1 Introduction
In the
machine learning (ML) community,
convolutional neural network (CNN) accelerator design has gained significant popularity recently [
35]. Due to the high computational complexity of CNNs, developing a sophisticated hardware accelerator is essential to improve the energy efficiency and throughput of the targeted task. Custom accelerators, also sometimes called
application-specific integrated circuit– (ASIC) based accelerators, outperform general-purpose processors like
central processing units (CPUs) and
graphical processing units (GPUs) [
12,
83]. However, designing ASIC-based accelerators often comes with its own challenges, such as design complexity and long development time. Researchers have constantly strived to design more efficient accelerators in terms of throughput, energy consumption, chip area, and model performance. This has led to a large number of CNN accelerators, each incorporating different design choices and unique hardware modules to optimize certain operations. This requires a plethora of operation-specific hardware modules, sophisticated acceleration methods, and many other hyperparameters that define a vast design space in the hardware domain. Similarly, on the software side, many design choices for a CNN model result in an enormous design space as well. A challenge that remains is to
efficiently find an optimal pair of software and hardware hyperparameters, in other words, a CNN–accelerator pair that performs well while also meeting the required constraints.
The accelerator design space is immense. There are many hyperparameters and one needs to choose their values while designing an accelerator for the given application [
63]. They include the number and size of
processing elements (PEs) and on-chip buffers, dataflow, main memory size and type, and many more domain-specific modules, including those for sparsity-aware computation and reduced-precision design (more details in Section
2.2). Similarly, the CNN design space is also huge. Many hyperparameters come into play while designing a CNN. They include the number of layers, convolution type and size, normalization type, pooling type and size, structure of the final
multi-layer perceptron (MLP) head, activation function, training recipe, and many more (further details in Section
2.1). For a given task, one may search for a particular CNN architecture with the best performance. However, this architecture may not be able to meet user constraints on power, energy, latency, and chip area.

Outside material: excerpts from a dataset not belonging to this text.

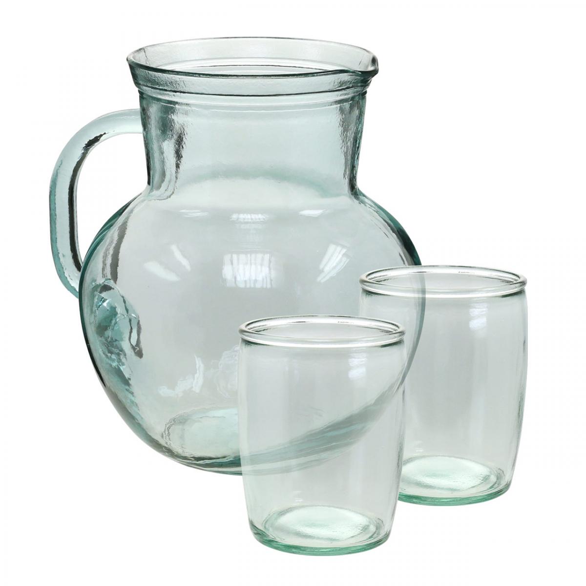 Üvegkancsó ivópoharak, italkészlet tálaláshoz kékes átlátszó H20cm/11,5cm 5 db
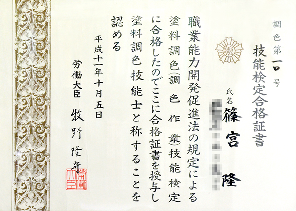 塗料調色技能士とは、色の調合だけに特化した技能検定制度で、これも国家資格です。
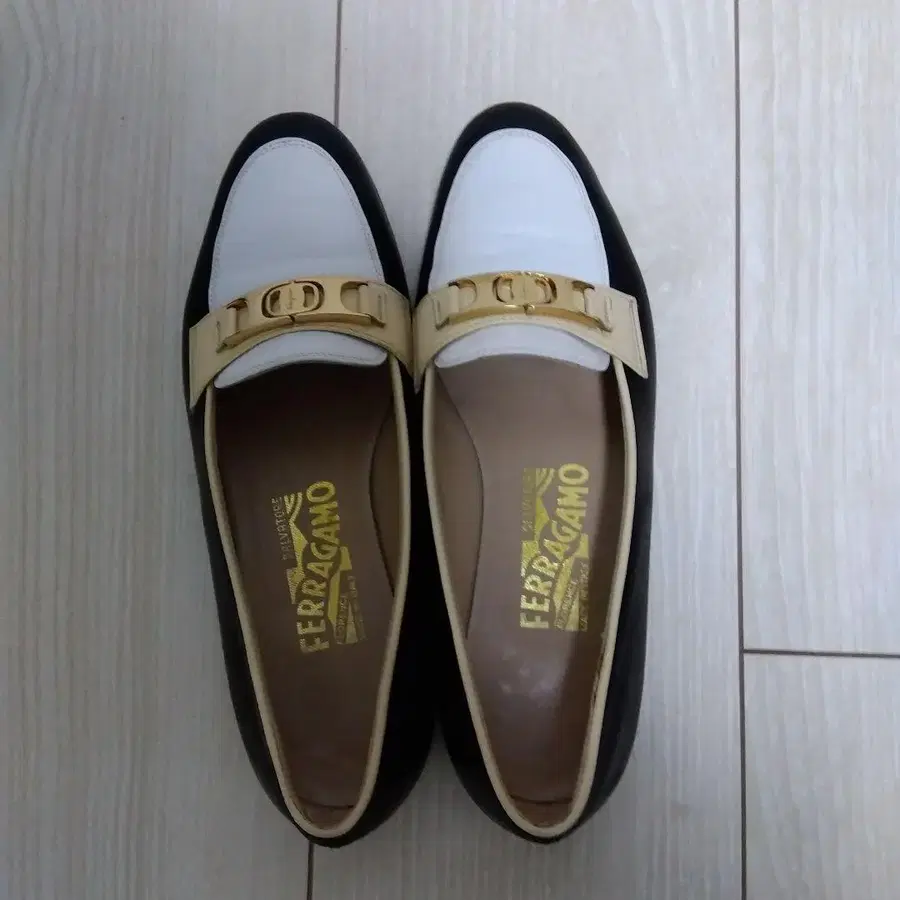 FERRAGAMO 가죽 로퍼 화이트/블랙
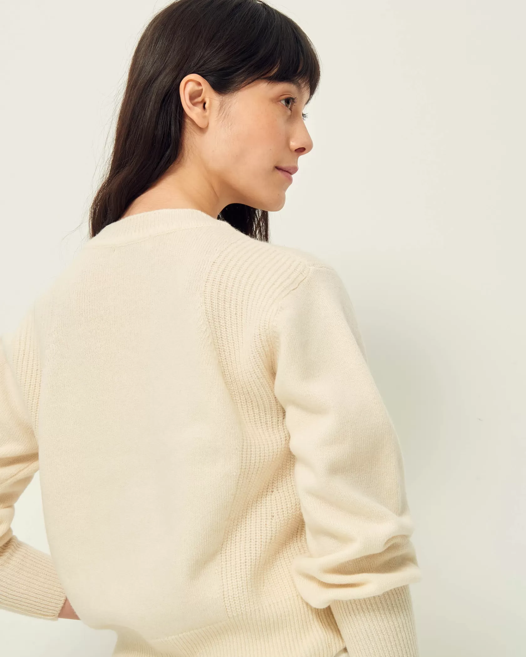 Pull court ajusté en maille point jersey et détails de côtes perlés aux emmanchures, tricoté en Italie.

In the above context, given a hardware module, many works are aimed at tuning the CNN design instead, to optimize performance [
19]. However, this limits us to the exploration of only the CNN design space with no tuning possible in the hardware space. Having a fixed CNN, one could also optimize the hardware (called
automatic accelerator synthesis) in the context where searching the CNN space may be too expensive, especially for large datasets. This hardware optimization, however, requires a thorough knowledge of the architecture and design of ASIC-based accelerators, leading to long design cycles. However, exploring the CNN design space falls under the domain of
neural architecture search (NAS). Advancements in this domain have led to many NAS algorithms, including those employing
reinforcement learning (RL), Bayesian optimization, structure adaptation, and so on [
18,
59,
74]. However, these approaches have many limitations including suboptimal convergence, slow regression performance, and are limited to fixed training recipes (details in Section
3.1). Tuli et al. [
67] recently proposed a model for NAS in the space of transformer ML models [
70]. It overcomes many of these challenges by leveraging a heteroscedastic surrogate model to search for the model’s design decisions and its training recipe. However, this technique is not amenable to co-design between the two (namely, the accelerator and CNN) design spaces (details in Section
3.3.1).
This work also shows that a one-sided search leads to suboptimal CNN–accelerator pairs. This has led to recent advancements in
co-design of both the software and hardware. Researchers often leverage RL techniques to search for an optimal CNN–accelerator pair [
4,
34,
91]. However, most co-design works only use local search (mutation and crossover) and/or have limited search spaces, e.g., they only search over selected
field-programmable gate arrays (FPGAs) or microcontrollers [
4,
42]. Some works have also leveraged differentiable search of the CNN architecture [
16,
41]. However, recent surveys have shown that these methods are much slower than surrogate-based methods and fail to explore potential clusters with higher performance models [
57]. Limited search spaces, as shown by some very recent works [
26,
67], often lead to suboptimal neural network models and even CNN–accelerator pairs (or, in general, the combination of the hardware architecture and the software algorithm). Thus, expanding existing design spaces in both the hardware and the software regimes is necessary. However, blindly growing these design spaces further prolongs design times and exponentially increases compute resource requirements.
To tackle the above challenges, we propose a framework for comprehensively and simultaneously exploring massive CNN architecture and accelerator design domains, leveraging a novel co-design workflow to obtain an optimal CNN–accelerator pair for the targeted application that meets user-specified constraints. These could include not just edge applications with highly constrained power envelopes, but also server applications where model accuracy is of utmost importance.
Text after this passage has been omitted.